Eric Garcetti for L.A. Mayor, 2013: Who Knew??
Oh yeah -- we did. Along with the rest of Los Angeles. (Excluding the "WalMart of News," apparently.)
The family's pain is Garcetti's pain
But Hollywood Patch finally caught Eric Garcetti kinda sorta saying it out loud at a neighborhood council meeting last night, at the end of a speech about why the city should sell off its parking structures -- finally dropping the charade and kinda sorta declaring his official bid for mayor.
But not quite. We believe the words he used were: "seriously leaning."
Whatever. Here are all the ways we knew Garcetti was eying the prize from the beginning:
1) As City Council President, he kick-started an extremely creepy trend of referring to the City Council and its city employee-lings as the "city family." In that scenario, current Mayor Antonio Villaraigosa is most certainly the unpopular rich uncle who everyone keeps close for his coffers -- and Garcetti's got the "city father" role on lock. You really think the council is like-minded enough to vote unanimously 99.993 percent of the time? Nah. It takes some good hard sweet-talking behind closed doors to achieve that kind of magical mind-reading chumminess, meeting after meeting, vote in and vote out.

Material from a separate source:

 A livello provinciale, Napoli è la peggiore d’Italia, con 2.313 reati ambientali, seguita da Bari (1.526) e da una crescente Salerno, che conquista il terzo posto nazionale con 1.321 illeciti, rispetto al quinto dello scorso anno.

2) Speaking of Villaraigosa's frenemies, Garcetti is No. 1. He'll ass-kiss in public, then declare off the record to anyone who'll listen that he truly can't stand the guy. This facade maintains the popular-kid feel -- with respect for his elders, to boot! -- and hopefully earns him a piece of the mayor's notorious flair for fundraising. Now if only Garcetti were a little browner, he'd have the Villaraigosa endorsement in no time.
3) His term limit looms in 2013. And where else would a friendly politicking dude with a baby face straight outta Hollywood go but up?

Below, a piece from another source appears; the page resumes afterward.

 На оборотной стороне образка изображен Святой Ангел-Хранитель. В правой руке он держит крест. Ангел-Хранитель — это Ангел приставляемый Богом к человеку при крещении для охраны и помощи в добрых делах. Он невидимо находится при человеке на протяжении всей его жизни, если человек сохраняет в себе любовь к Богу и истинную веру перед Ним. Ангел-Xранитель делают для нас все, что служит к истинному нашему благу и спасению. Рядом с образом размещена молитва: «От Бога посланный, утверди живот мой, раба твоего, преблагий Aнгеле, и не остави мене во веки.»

4) That baby face. Combined with the smoothest politi-speak this side of the White House, Garcetti is a master of stirring emotion and cooperation and resolve, without ever really having to do anything at all. It's beautiful. Listen to his chiseled jawline flap for 10 minutes, and you come away feeling like a million bucks -- with no fucking clue what you just talked about. Other than, you know, he was probably right. Take the Patch article, for instance:
Although numerous WCC members were openly skeptical of the wisdom of last week's parking garage vote, afterwards expressed thanks that Garcetti chose to address the group and said they were impressed with his remarks.
"He had nice things to say. It's great he came out on such short notice to speak with us and hear our ideas," said board member Carole Magnuson.

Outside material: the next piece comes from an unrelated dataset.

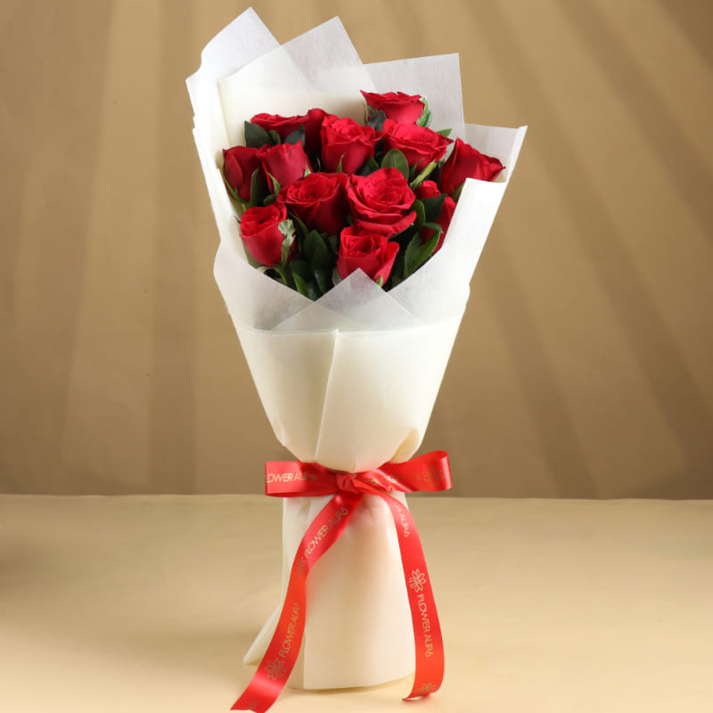 Twelve rich red roses wrapped in elegant non-woven paper create a timeless and romantic bouquet. Perfect for anniversaries, love notes, or heartfelt expressions, it carries classic charm. A beautiful and meaningful choice for anyone you hold dear.

5) Like Mayor Villaraigosa before him, Garcetti is now the King of Potholes. He even gets his hands dirty in the field, wearing
nothing but an orange construction vest -- constituents are left with no choice but to feel, in a word, adorable.
7) His campaign T-shirts are practically ready for distribution -- just magic-marker that C into a G and we're golden.
8) This one's the dead giveaway: Garcetti played the part of L.A. mayor on LAPD drama "The Closer" last fall. OK, so his real-life father is consulting producer for the show, but we're sure he earned the part fair and square. Just like the part he'll "earn" next election...
Here's the kinda sorta announcement from the mayor-in-waiting (if Jan Perry doesn't get there first):
Garcetti also acknowledged he is "seriously leaning" towards [sic, LOL] running for mayor and will announce a decision in the next six to eight months after talking it over with his family, he said after fielding questions on the garage vote and other topics for over an hour.
"The earlier I say yes, the harder it will be for me to govern in my current role," Garcetti said of the position he's held for the past 2 1/2 years. He is the longest-serving councilmember, with 10 years on the panel.
You mean your family family? Or rich unpopular uncle family? No, but we kid. Please do keep teasing the press with these half-bids, Garcetti -- it's a speculative riot from where we're sitting.